Tory MP rape arrest: Is Westminster safe for women?
The 2017 ‘Pestminster’ story, which saw cabinet ministers resign over allegations of sexual misconduct, was not the toll many had hoped for. Everyday sexism and allegations of sexual assault still seem to be part of the fabric of political life.
Some male MPs viewed the allegations as a joke and merely part of the uproar in Parliament. I remember having a drink with an MP as a spreadsheet detailing the allegations against Tory MPs was circulating in Parliament. The MP expressed his disappointment, not at the alleged behavior of his colleagues, but rather at the fact that he had not been put on the list.
The situation has hardly changed in five years. This week, Tory MP Michael Fabricator tweeted about the arrest of the unnamed Tory MP accused of rape, suggesting it would make a fun Guess Who game. Victims often feel like they won’t be taken seriously or will be told they are overreacting and can’t hack a career in politics. By tolerating ‘low level’ harassment and misogyny, MPs take no action when more serious allegations arise.

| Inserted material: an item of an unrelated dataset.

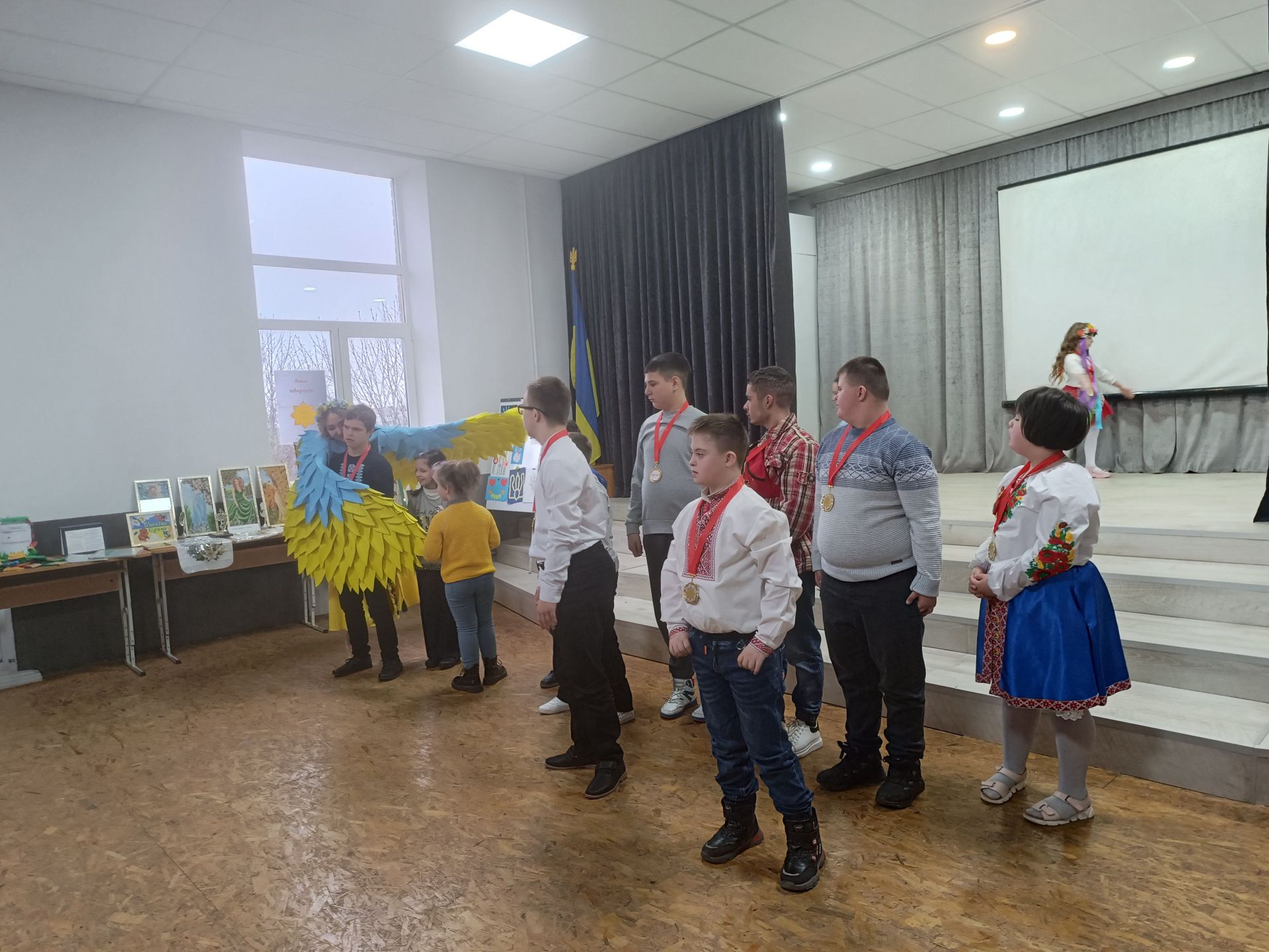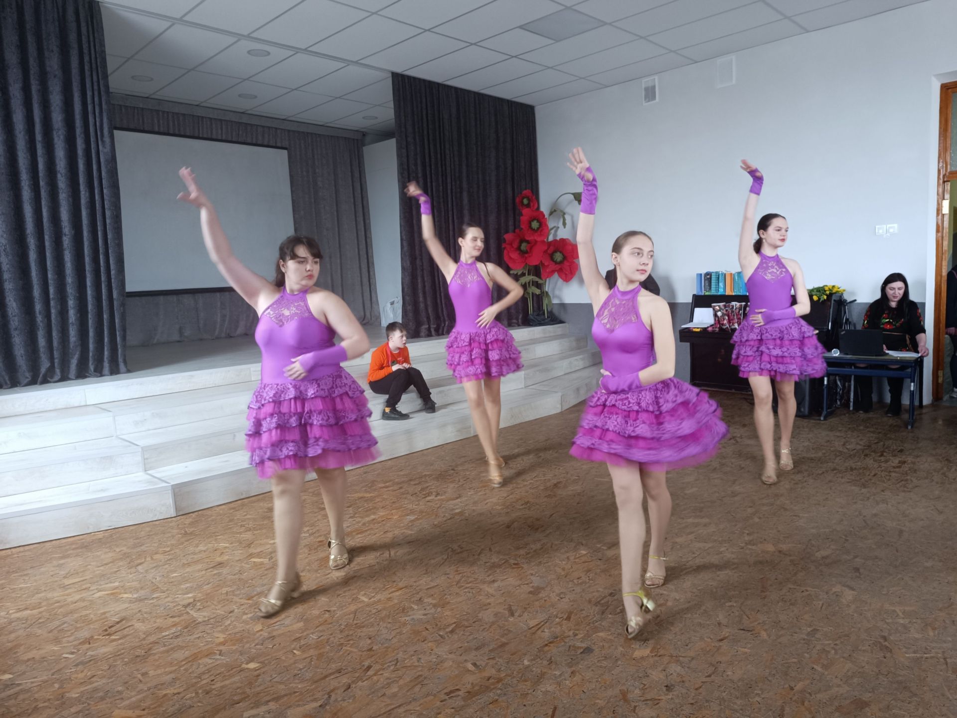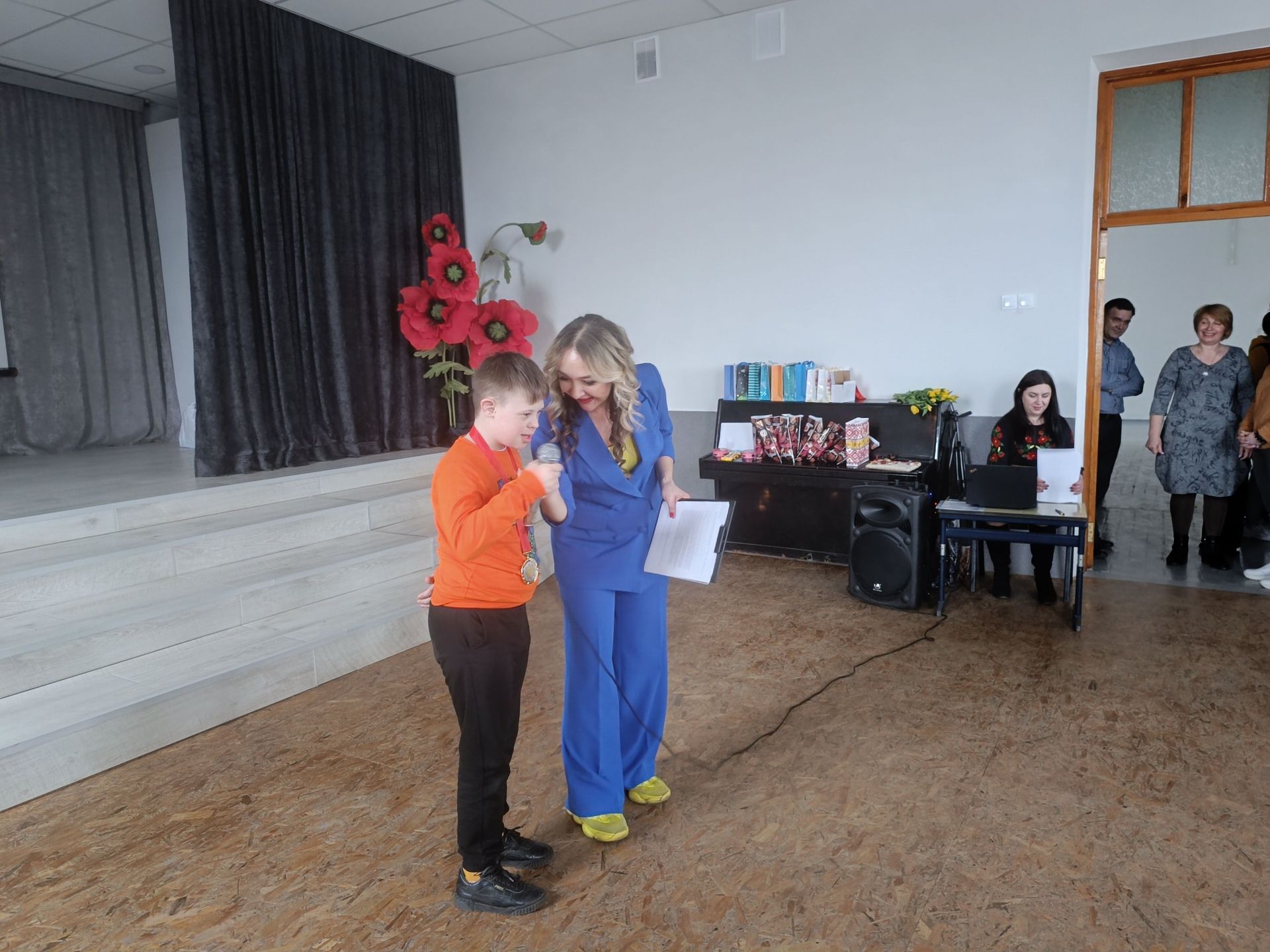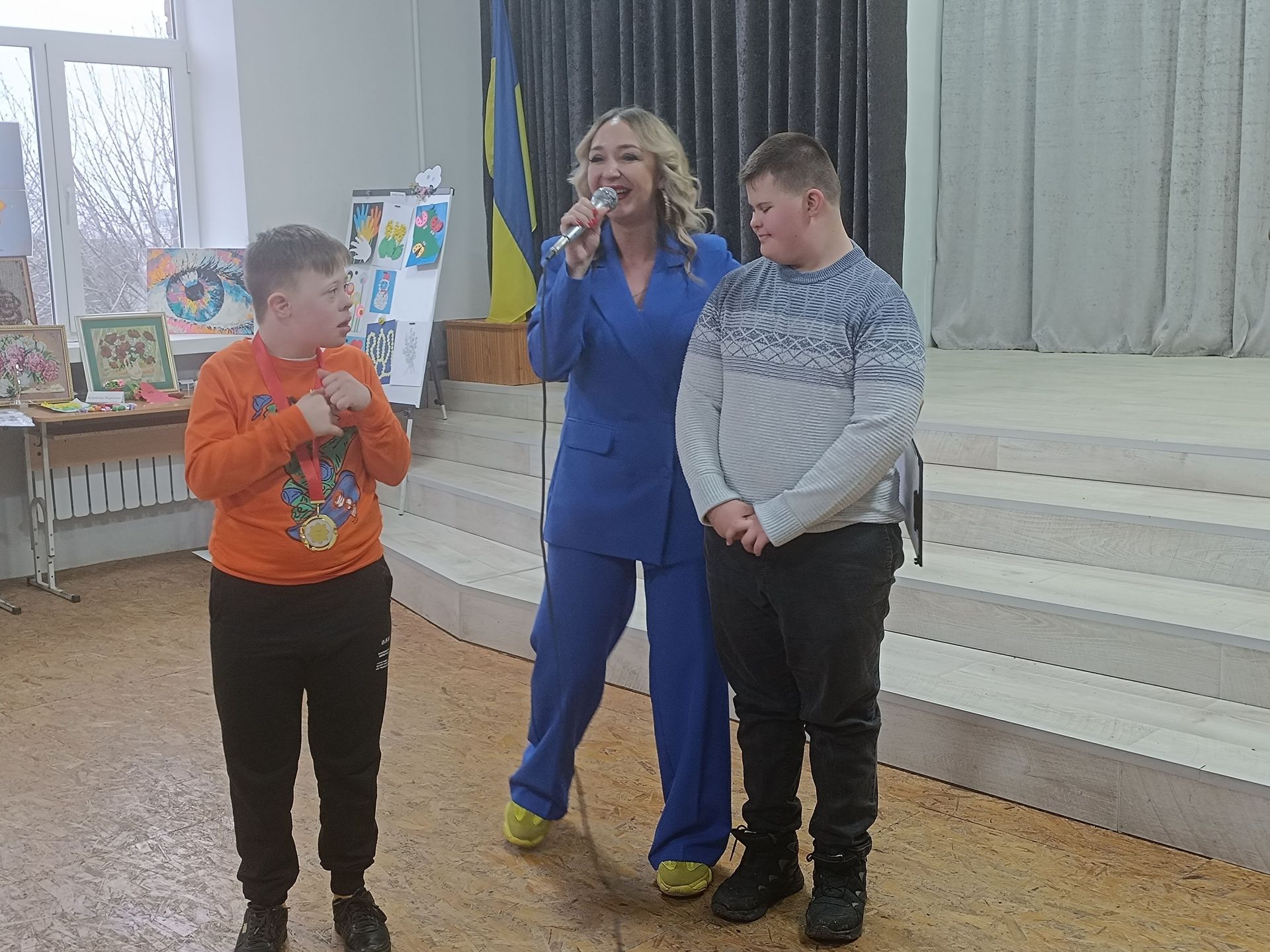 На творчому вечорі виступали не тільки дорослі. Своїми талантами поділилися також діти, що мають інвалідність. Мирослава Жуківська та Вероніка Озернова заспівали «Два веселих гусі» і грали на дитячих музичних інструментах. А потім Олексій Мулявка затанцював із хореографом Надією Бортюк вальс. Танець викликав у всіх присутніх захват. Під враженнями залишилася і сама хореограф.

Unlike most workplaces, which have protective procedures, there is no mechanism to bar MPs who are under investigation for sexual misconduct from appearing in the House of Commons. Young female employees are forced to share their workplace with suspected rapists, forced to protect themselves and be wary of people they might end up alone with.
Former Dover MP Charlie Elphicke was found guilty of multiple sexual assaults in 2020. But he was free to continue in public life unhindered and exert his influence after initial allegations were made. And despite some of the alleged offenses committed within Parliament itself, he was able to roam the grounds freely.
At the time, a friend told me how she had run for an elevator, only to find once the doors closed that she was standing alone with Elphicke. It was, in his words, “the longest elevator ride of my life”.